## The task:
Leave every image behind and restate the data word for word.

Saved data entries
┄┄┄┄┄┄┄┄┄┄
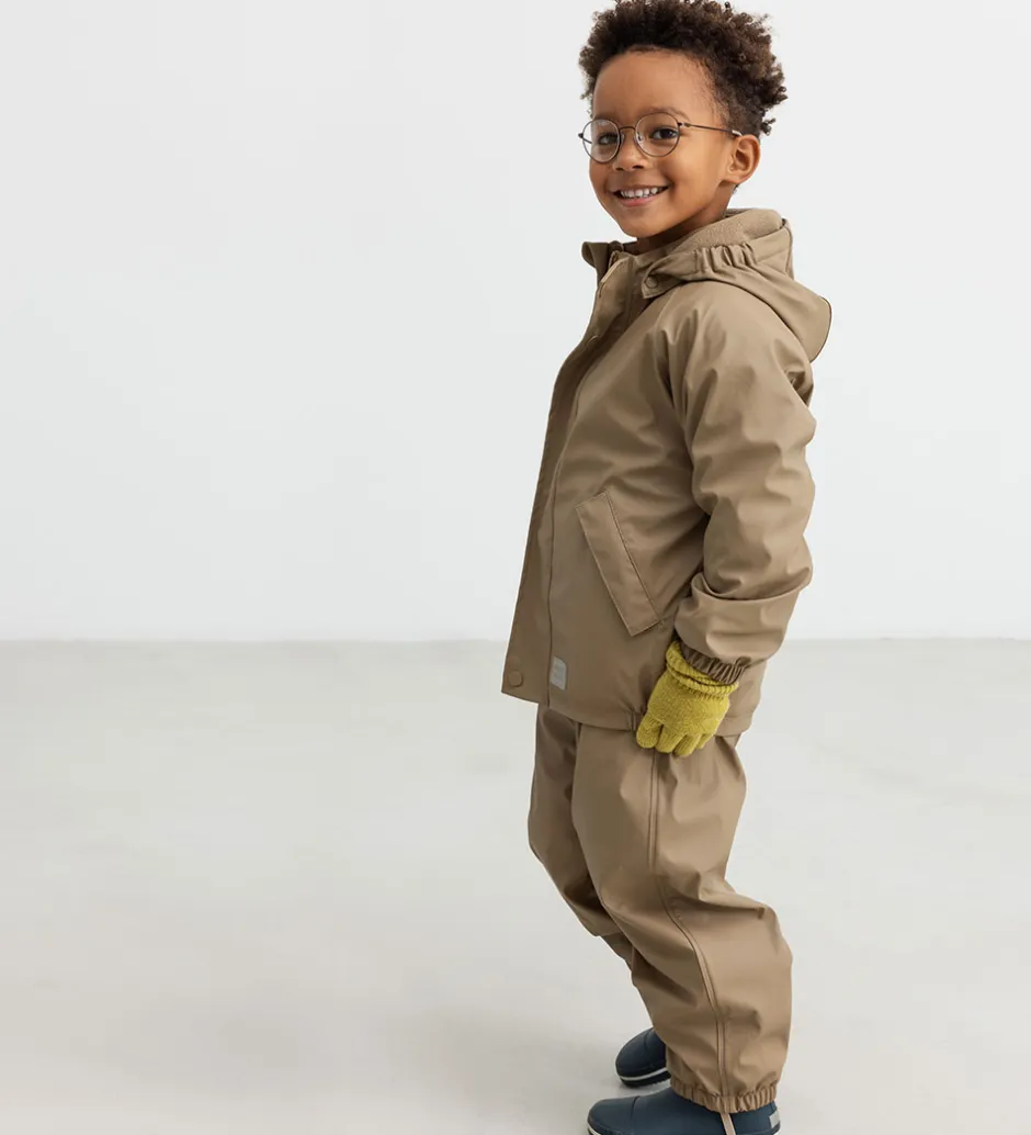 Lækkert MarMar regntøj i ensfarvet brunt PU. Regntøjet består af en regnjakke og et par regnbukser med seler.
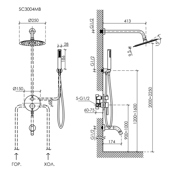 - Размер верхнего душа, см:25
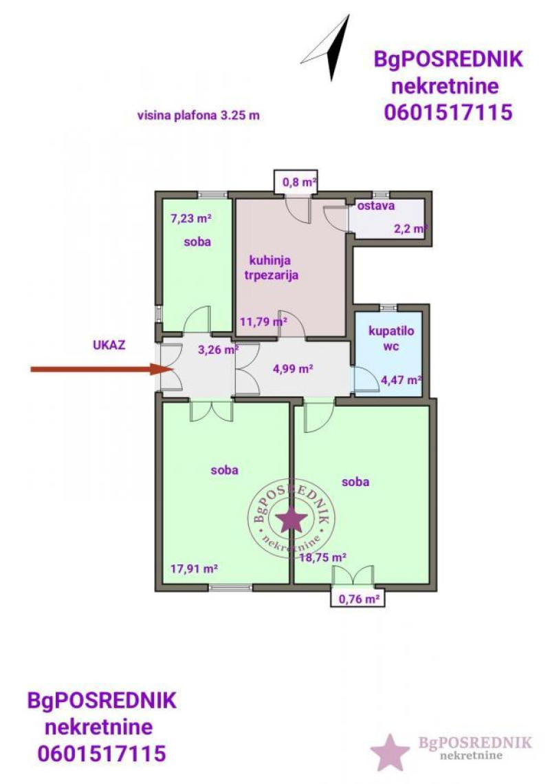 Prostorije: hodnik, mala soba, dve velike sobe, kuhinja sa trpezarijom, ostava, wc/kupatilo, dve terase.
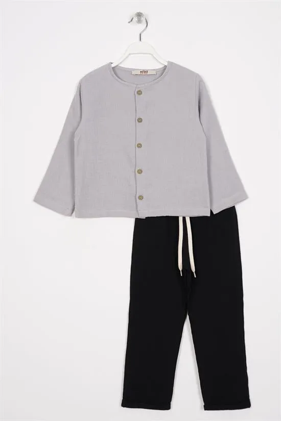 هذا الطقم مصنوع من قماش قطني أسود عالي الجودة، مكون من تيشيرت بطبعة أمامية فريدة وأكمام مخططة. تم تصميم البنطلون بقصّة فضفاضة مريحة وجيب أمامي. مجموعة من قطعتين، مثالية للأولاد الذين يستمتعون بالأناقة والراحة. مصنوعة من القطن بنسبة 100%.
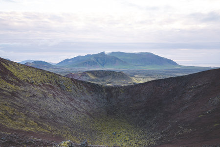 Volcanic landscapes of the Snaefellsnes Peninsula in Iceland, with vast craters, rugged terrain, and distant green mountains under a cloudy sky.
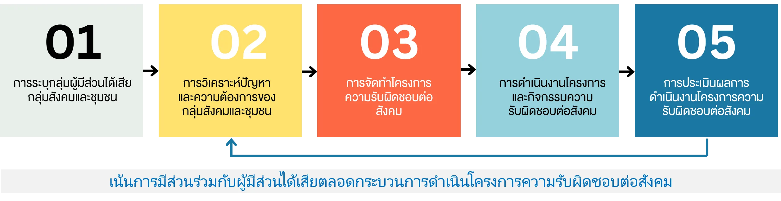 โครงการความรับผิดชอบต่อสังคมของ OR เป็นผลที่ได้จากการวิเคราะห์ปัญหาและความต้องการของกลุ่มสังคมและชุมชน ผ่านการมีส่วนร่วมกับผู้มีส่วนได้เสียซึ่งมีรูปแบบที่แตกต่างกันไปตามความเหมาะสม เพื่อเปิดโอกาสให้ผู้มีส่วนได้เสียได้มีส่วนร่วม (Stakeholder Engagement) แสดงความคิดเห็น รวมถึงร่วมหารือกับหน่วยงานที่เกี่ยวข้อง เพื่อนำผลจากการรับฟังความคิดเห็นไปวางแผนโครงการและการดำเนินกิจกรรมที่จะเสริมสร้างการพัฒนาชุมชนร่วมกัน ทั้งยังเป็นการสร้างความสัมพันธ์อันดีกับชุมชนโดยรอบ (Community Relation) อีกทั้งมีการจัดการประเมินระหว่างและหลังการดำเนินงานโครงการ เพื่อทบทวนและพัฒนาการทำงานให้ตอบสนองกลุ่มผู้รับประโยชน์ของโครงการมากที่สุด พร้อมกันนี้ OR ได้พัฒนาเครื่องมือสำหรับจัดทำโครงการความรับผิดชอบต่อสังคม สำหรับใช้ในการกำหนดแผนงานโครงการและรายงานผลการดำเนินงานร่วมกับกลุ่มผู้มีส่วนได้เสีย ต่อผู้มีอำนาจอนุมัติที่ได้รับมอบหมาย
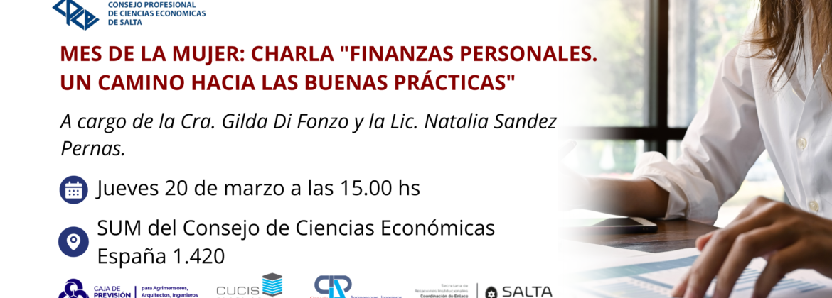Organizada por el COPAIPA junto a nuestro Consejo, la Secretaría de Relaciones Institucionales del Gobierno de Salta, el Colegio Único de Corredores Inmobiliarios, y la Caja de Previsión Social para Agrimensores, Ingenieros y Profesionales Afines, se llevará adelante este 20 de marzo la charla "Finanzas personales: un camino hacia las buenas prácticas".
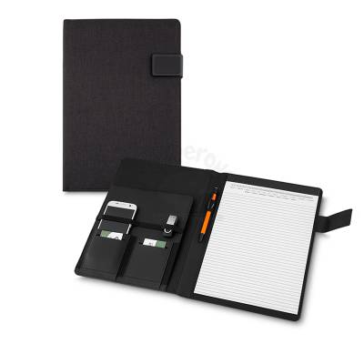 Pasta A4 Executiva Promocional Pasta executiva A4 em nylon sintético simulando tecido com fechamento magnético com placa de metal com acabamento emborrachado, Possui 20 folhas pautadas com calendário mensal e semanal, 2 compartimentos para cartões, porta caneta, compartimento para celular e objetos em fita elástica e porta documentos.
┄┄┄┄┄┄┄┄┄┄
## Response area:
 Lækkert MarMar regntøj i ensfarvet brunt PU. Regntøjet består af en regnjakke og et par regnbukser med seler.
 - Размер верхнего душа, см:25
 Prostorije: hodnik, mala soba, dve velike sobe, kuhinja sa trpezarijom, ostava, wc/kupatilo, dve terase.
 هذا الطقم مصنوع من قماش قطني أسود عالي الجودة، مكون من تيشيرت بطبعة أمامية فريدة وأكمام مخططة. تم تصميم البنطلون بقصّة فضفاضة مريحة وجيب أمامي. مجموعة من قطعتين، مثالية للأولاد الذين يستمتعون بالأناقة والراحة. مصنوعة من القطن بنسبة 100%.
 Volcanic landscapes of the Snaefellsnes Peninsula in Iceland, with vast craters, rugged terrain, and distant green mountains under a cloudy sky.
 โครงการความรับผิดชอบต่อสังคมของ OR เป็นผลที่ได้จากการวิเคราะห์ปัญหาและความต้องการของกลุ่มสังคมและชุมชน ผ่านการมีส่วนร่วมกับผู้มีส่วนได้เสียซึ่งมีรูปแบบที่แตกต่างกันไปตามความเหมาะสม เพื่อเปิดโอกาสให้ผู้มีส่วนได้เสียได้มีส่วนร่วม (Stakeholder Engagement) แสดงความคิดเห็น รวมถึงร่วมหารือกับหน่วยงานที่เกี่ยวข้อง เพื่อนำผลจากการรับฟังความคิดเห็นไปวางแผนโครงการและการดำเนินกิจกรรมที่จะเสริมสร้างการพัฒนาชุมชนร่วมกัน ทั้งยังเป็นการสร้างความสัมพันธ์อันดีกับชุมชนโดยรอบ (Community Relation) อีกทั้งมีการจัดการประเมินระหว่างและหลังการดำเนินงานโครงการ เพื่อทบทวนและพัฒนาการทำงานให้ตอบสนองกลุ่มผู้รับประโยชน์ของโครงการมากที่สุด พร้อมกันนี้ OR ได้พัฒนาเครื่องมือสำหรับจัดทำโครงการความรับผิดชอบต่อสังคม สำหรับใช้ในการกำหนดแผนงานโครงการและรายงานผลการดำเนินงานร่วมกับกลุ่มผู้มีส่วนได้เสีย ต่อผู้มีอำนาจอนุมัติที่ได้รับมอบหมาย
Organizada por el COPAIPA junto a nuestro Consejo, la Secretaría de Relaciones Institucionales del Gobierno de Salta, el Colegio Único de Corredores Inmobiliarios, y la Caja de Previsión Social para Agrimensores, Ingenieros y Profesionales Afines, se llevará adelante este 20 de marzo la charla "Finanzas personales: un camino hacia las buenas prácticas".
 Pasta A4 Executiva Promocional Pasta executiva A4 em nylon sintético simulando tecido com fechamento magnético com placa de metal com acabamento emborrachado, Possui 20 folhas pautadas com calendário mensal e semanal, 2 compartimentos para cartões, porta caneta, compartimento para celular e objetos em fita elástica e porta documentos.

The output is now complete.